All that I know at this time.


----------



## hazelndick@comcast.net (Dec 15, 2014)

*Grand Luxxe Experiences*

My wife and I have been members of Vidanta for 20 years and love it. We started out at Puerto Vallarta in what would now be called "dinky." Our favorite is Nuevo Vallarta

We now own a Grand Luxxe Spa Tower unit, which has the distinct advantage of you can't get a unit lower than the fifth floor (there aren't any).  My wife has always complained about not getting a view.

The only discouraging thing (as you all know) is the slimy excellent at what they do, sales people. I look this process as a game  that I want to try to win But as someone else has already said, ask a lot of questions and reiterate back to the salesman your understanding of whatever he just said. Also on the taped "registration" process state things that you understand to be true.  When you talk to the "corporate person" on the phone, they want you to answer yes or no and that's all. I also mention any important points when asked a pertinent question, as well as answering the question.  For example, after the question "Have you read and understand the contract, I say 'Yes", but there are some items not clarified in the contract."
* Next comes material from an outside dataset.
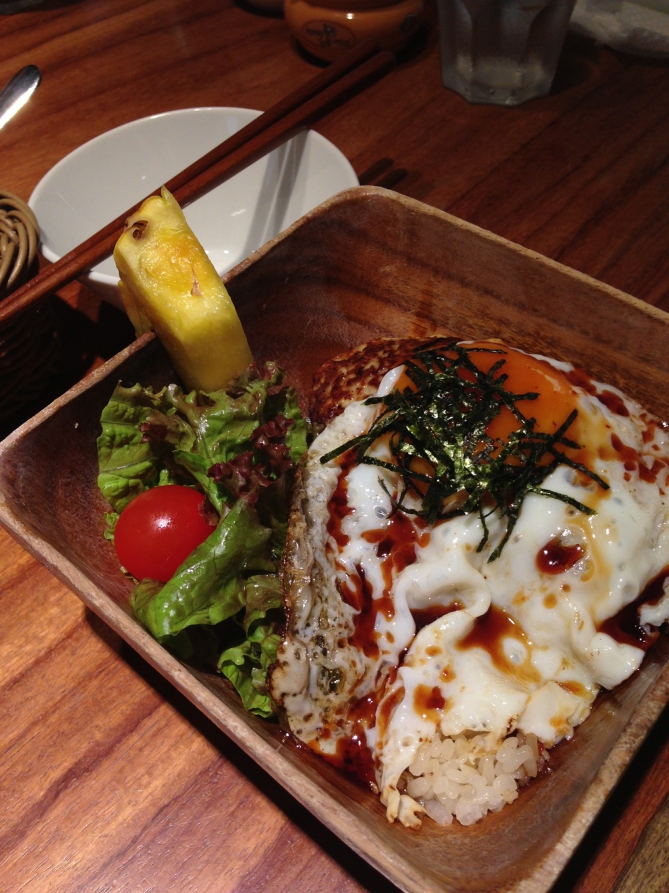 ランチメニューが4種類ほどあり、どれも美味しそうでまよいましたが、五穀米の豆腐バーグロコモコを注文しました。

Last November (2014) we upgraded with some specific objectives in mind, made sure the salesman knew what we wanted, and signed all the papers.  You have 5 days to cancel.  When I got back to the room I reviewed the contract, called the sales dept. and told them we were going to cancel.  The purpose of the "contract cancellation" person is to get you to not cancel.   We spent several hours with her (and another "superior" she brought in).  She finally lowered the price by over 20%, and added an attachment which allowed us to use our "senior" privileges with our  "residential" weeks.
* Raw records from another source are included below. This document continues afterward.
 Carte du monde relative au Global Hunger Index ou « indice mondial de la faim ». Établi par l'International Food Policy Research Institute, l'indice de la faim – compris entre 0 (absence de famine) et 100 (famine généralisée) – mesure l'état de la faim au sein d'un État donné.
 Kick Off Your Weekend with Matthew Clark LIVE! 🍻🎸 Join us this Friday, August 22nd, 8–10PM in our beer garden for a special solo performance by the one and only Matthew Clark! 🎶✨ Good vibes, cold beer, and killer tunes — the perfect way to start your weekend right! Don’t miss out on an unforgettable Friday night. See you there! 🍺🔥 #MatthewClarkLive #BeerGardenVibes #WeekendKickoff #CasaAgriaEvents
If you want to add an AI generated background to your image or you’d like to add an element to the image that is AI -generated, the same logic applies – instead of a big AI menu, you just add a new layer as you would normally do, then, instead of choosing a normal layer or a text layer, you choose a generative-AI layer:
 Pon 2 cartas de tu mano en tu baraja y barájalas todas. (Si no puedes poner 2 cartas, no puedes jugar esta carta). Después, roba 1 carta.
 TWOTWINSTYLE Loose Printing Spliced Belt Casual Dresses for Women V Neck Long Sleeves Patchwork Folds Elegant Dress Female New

A few years ago Vidanta, refunded me $7,000 two years after signing a contract. I had  sufficient evidence that showed some "fraud".

 Earlier I read something about "butler" service. I know that with the Spa Unit (and probably some other GLs) you can set up a menu and have a chef come in (for a price) and prepare the whole thing for you.
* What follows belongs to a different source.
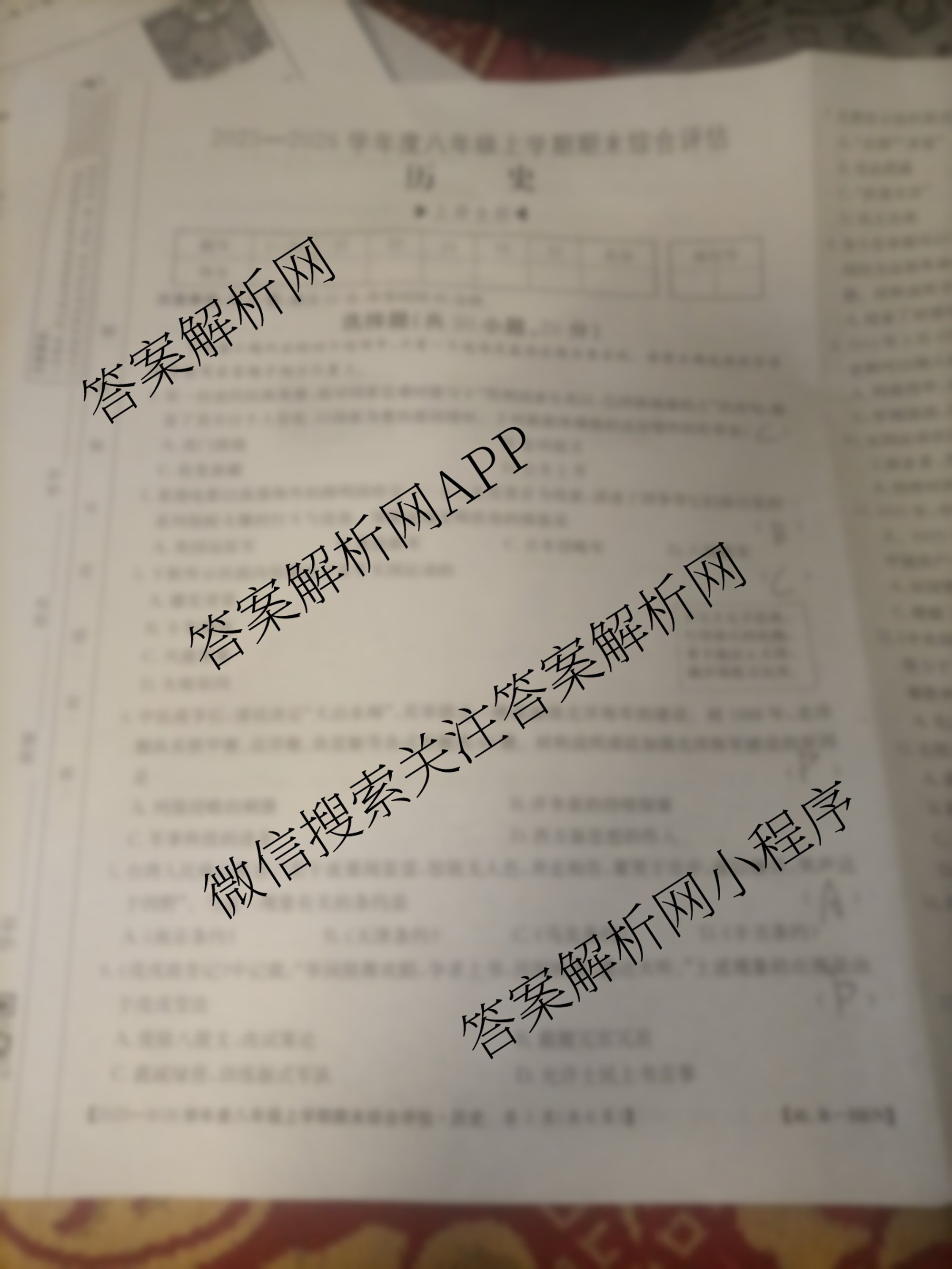 - 八年级河南省2025~2026学年度上学期期末综合评估[4L-HEN]历史(R)答案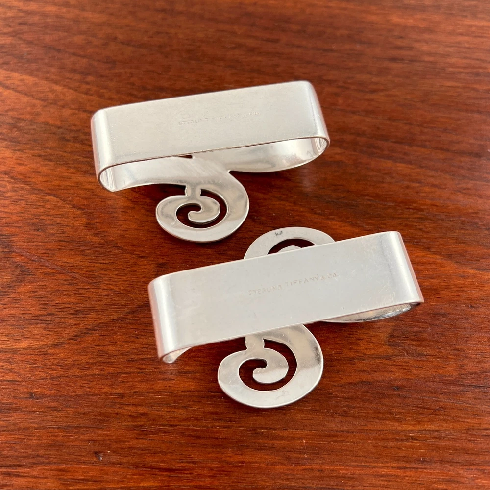 Awaiting your purchase are (2) rare sterling silver napkin rings crafted by Tiffany & Co. in a wonderful Pierced Modernist style pattern. These special items remain in Excellent condition, (see condition report above), and each bears no monogram . Height: 3/4" Width: 2 3/4" Length: 2" Weight: 83.8g _______________________________________________ JEWELRY SIZING WRIST SIZE = TOTAL INSIDE CIRCUMFERENCE INCLUDING CUFF GAP WE LIKE TO PROTECT THE INTEGRITY OF THE PIECES SO WE DO NOT OFFER OR SUGGEST SIZING METAL PURITY SOLID SILVER = .700-.899 / 1 COIN SILVER = .900 / 1 STERLING SILVER = .925 & ABOVE *WE HAVE TESTED ALL STONES & METALS THAT WE IDENTIFY AND GUARANTEE THEIR PURITY. ALL UNIDENTIFIED STONES AND METALS HAVE A ???. *DISPLAY ITEMS AND BOXES ARE NOT INCLUDED UNLESS STATED OTHERWISE. *WE OFFER COMBINED SHIPPING FOR DOMESTIC & INTERNATIONAL PURCHASES. THANK YOU FOR SUPPORTING SMALL BUSINESS! Browsing Silverware for Baby? See new store at : https://www.ebay.com/str/ohbabies

Money is an issue for us, so I try to keep informed on all the sales tactics used, but we thoroughly enjoy the ambience, the service, the frequency of electric cart service, and the friendliness of all the staff and guests. the wooden paths, the food(we also bring a box of dry oatmeal, tuna fish, mayo and an onion with us so more than half our meals at eaten at the room with very little preparation) 

If money is not an issue for you, just sit back, walk, eat, play some golf, get a marvelous massage, and enjoy one of the greatest vacations in Mexico!

Dick


----------



## drguy (Dec 15, 2014)

Irish_Reign said:


> Forgot to add some of the rates:
> 
> GL Loft $1,280 per week
> GL Jr Suited $1,280 per week
> ...



Our 2 bedroom Loft unit mf is close to $2500 per week.  I'd prefer your $1300.


----------



## bobpark56 (Dec 16, 2014)

*They did as of Nov 2014*



tschwa2 said:


> I thought someone comes in and washes the dishes you leave in the sink?



They did for it us last month. We never had a large pile of dishes, though.

In general, the maid service at the Grand Luxxe on the Riviera Maya is outstanding...as good as the best you will find anywhere. The only place we know of that is as good is at the Grand Marina Porto Bello resorts in Puerto Aventuras. They don't do a nightly turn-down + chocolates, though.


----------